We will come back to the details of the competition in coming posts. But here are the first highlights of the technical learnings of this year!

Target encoding

The dataset contained categorical variables. The usual way of handling this kind of feature is to convert them into integers. With scikit learn, it can typically be achieved by using preprocessing.OrdinalEncoder() or preprocessing.OneHotEncoder().

Another feature engineering method, which gave good results during this competition, was to use target encoding. In a nutshell it consists in replacing each category (e.g. gender = Male) by the average of the target over this category.

However there is an issue with this method. If you take the average of the target over all the rows of the training set, you introduce a small leak. The features you are creating are indirectly using the ground truth. In a refinement, it is better to compute the average over an out-of-fold subset of the data. For example, if you are splitting your data in 5 folds : F1, F2, F3, F4, F5 :

  • you create target encoding feature of fold F1 by averaging on folds F2, F3, F4, F5
  • you create target encoding feature of fold F2 by averaging on folds F1, F3, F4, F5
  • and so on …
The leaderboard 20 min after starting the competition

Class_weight and sample_weight

The 2019 challenge was a multiclass classification problem (4 classes). This is quite common. But what was more uncommon is that the evaluation metric was custom: a log loss with different weights on each class. 1 for class 0, 10 for class 1, 100 for class 2 and 1000 for class 3.

Here is the code of this custom metric :

from sklearn.metrics import log_losslog_loss(y_true, y_pred, sample_weight=10**y_true)

To be able to make your model aware of this, you should have tuned the class_weight parameter in the classifier construction.

clf = RandomForestClassifier(class_weight={0:1,1:10,2:100,3:1000})

Note that another equivalent way of doing it is to use the sample_weight parameter in the fit() method. In this case you no longer pass a weight for each class, but for each sample.

clf.fit(X_train, y_train, sample_weight=10**y_train)

Lightgbm and the new scikit-learn gradient boosting

As the competition only lasted 2 hours, you should have been ready to train very fast with very powerful classifiers. This year, the state of the art solution was to use lightgbm LGBMClassifier.

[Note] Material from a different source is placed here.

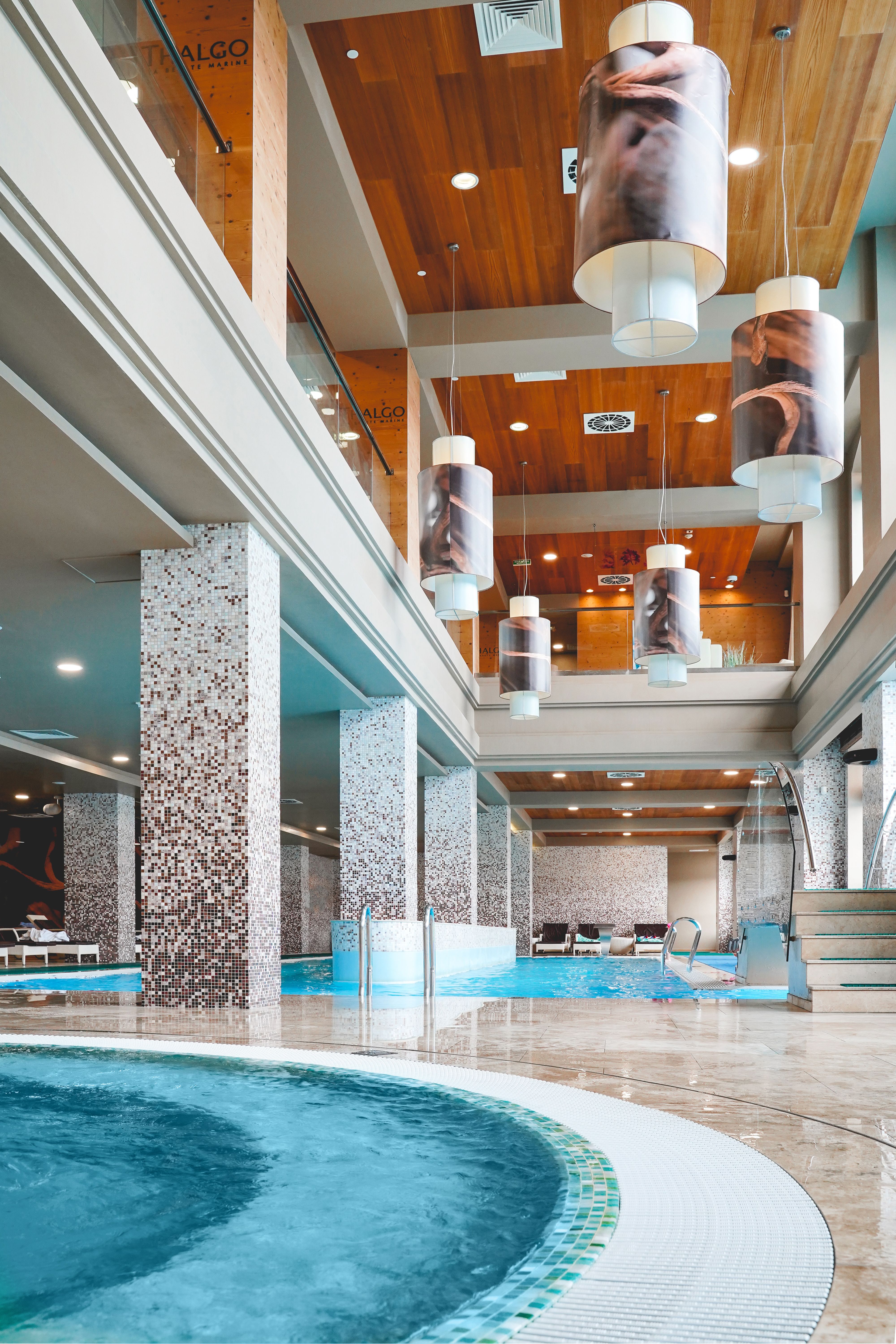 | Комментарии к бассейну и горкам | Крытый бассейн для взрослых соединен с открытым бассейном, выходящим на террасу, а также – детский бассейн с гидромассажем располагаются на первом этаже комплекса Chandelle Blanche Medi SPA & Beauty Lоunge. |

Note that scikit-learn 0.21 just comes with a new Gradient Boosting flavour inspired by LightGBM: HistGradientBoostingClassifier, much faster than the historical scikit-learn gradient boosting. Unfortunately according to the documentation, class_weight and sample_weight don’t seem to be supported yet, so it was not usable for the competition (but LGBMClassifier supports class_weight)

read_csv with bad lines

The training set contained corrupted rows, which made pandas read_csv() fail reading the dataset.

The solution was to use the parameter error_bad_lines=False to skip these lines (by default the parameter is set to True).

If you want to try these tricks, the dataset is available online.

You enjoyed what you just read and want to join our team ? Feel free to apply, we are hiring!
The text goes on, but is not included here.